Выдумщик (страница 5)
Именно в этот, последний день, я назначил, наконец, ей свидание. Специально просчитал так, чтобы глубоко не влипать. Я все же бултыхнулся рядом с ней, и мы договорились. Свидание, честно, прошло так себе: мы полночи боролись с ней на осыпающемся глиняном склоне. Меня отвлекали, видимо, угрызения совести, лишая уверенности. Я все представлял, как Фека, один, тащит тяжелого, словно памятник, Лёньку. Душой был там. И телом, видимо, тоже. Лучше было бы Лёньку волочить! Расстались с ней сухо. Но зато – только мой физический (и, видимо, моральный) облик Чупахин одобрил:
– Вот ты, Валерка, отлично отдохнул, молодец! А вы, шахматисты… – Чупахин насмешливо глянул на них. – Словно и не отдыхали.
Лёня виновато вздохнул.
– Работали! – хмуро проговорил Фека.
3
Батя мой, как-то не особо заморачиваясь неинтересными проблемами, «творил свои сорта» в Суйде под Гатчиной – и вдруг до него донеслось, и он примчался.
– Алевтина! Валерка что – больной?
– Спохватился! – усмехнулась мать.
– Давай в Суйду его возьму, отдохнет!
– После Сочи – что ему твоя Суйда? Картошку окучивать? Внуку академика?
Я смутился.
– Я готов.
Хоть в тундру – лишь бы не обидеть никого. Тем более – родителей. И батя мне сразу же, в день приезда в Суйду, заявил (любил яркие идеи), что именно здесь, в старом здании, единственном сохранившемся из имения Ганнибала, где находился теперь отцовский кабинет, был зачат Пушкин! По датам все сходится! «Шутоломный» – как говорила о нем бабушка. Решил батя заняться просвещением сына. Шестнадцать! Уже пора. Фантазер еще тот. Весь в меня. Но с того ли начал? Я был полон иронии.

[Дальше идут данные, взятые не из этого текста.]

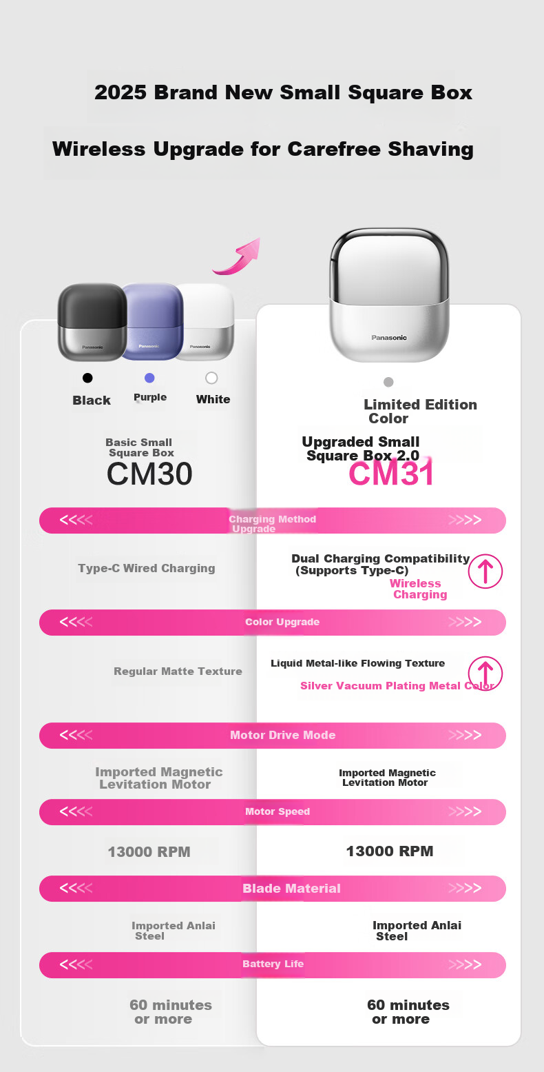 *Note: The Mini Square Box is a nickname for Panasonic ES-CM series shavers. The Magnetic Levitation Motor is a patented technology by Panasonic. The blade of ES-CM31 is imported from Japan and assembled domestically. The size of ES-CM31 remains unchanged compared to ES-CM30, with the addition of wireless charging. The shaver is designed to provide a close and comfortable shaving experience, with a focus on precision and efficiency. The LAMDASHAI Chip 7 ensures intelligent power output for different beard conditions. The shaver is designed to be waterproof for up to 30 minutes of immersion, suitable for daily use.

Однако он уже забыл про меня и жадно поглядывал на стол свой с бумагами.
– Чего делать тебе? – приостановившись, спросил. – Ну… в кино сходи!
И зарылся в очередную статью.
Кино? Тут он обмишурился как педагог. Кино никто не смотрел. «Кина не надо! Ты свет гаси!» И темный зал прерывисто задышал. Считают, видимо, что раз они трудятся, имеют право и отдохнуть. С размахом! Рук! И ног. Шорохи, шепоты: «Не надо!» – «Да подожди ты! Дай я сама!» Кто-нибудь, интересно, смотрел на экран? Совсем теряли стыд – к моему восторгу… Интересное кино!
Вернулся я оживленный. Батя на минуту переключился на меня:
– Ну что? Поживешь?
– Да!
– Тогда, может, и поработаешь тут? – обрадовался он.
– Можно, – согласился я.
Кто работает, тот – живет!
И вот я в конюшне. И ароматы – пьянят! Как будто я тут родился! Или, во всяком случае, был зачат. Как бередят организм запахи прелой упряжи, навоза – словно это было первое, что я вдохнул. Советовал бы парфюмерам сюда заглянуть. Кони гулко бьют копытами в стенки, косятся глазом, тяжко вздыхают: запрягать пришел? Едкий запах их пота, сладкий аромат сена… Рай!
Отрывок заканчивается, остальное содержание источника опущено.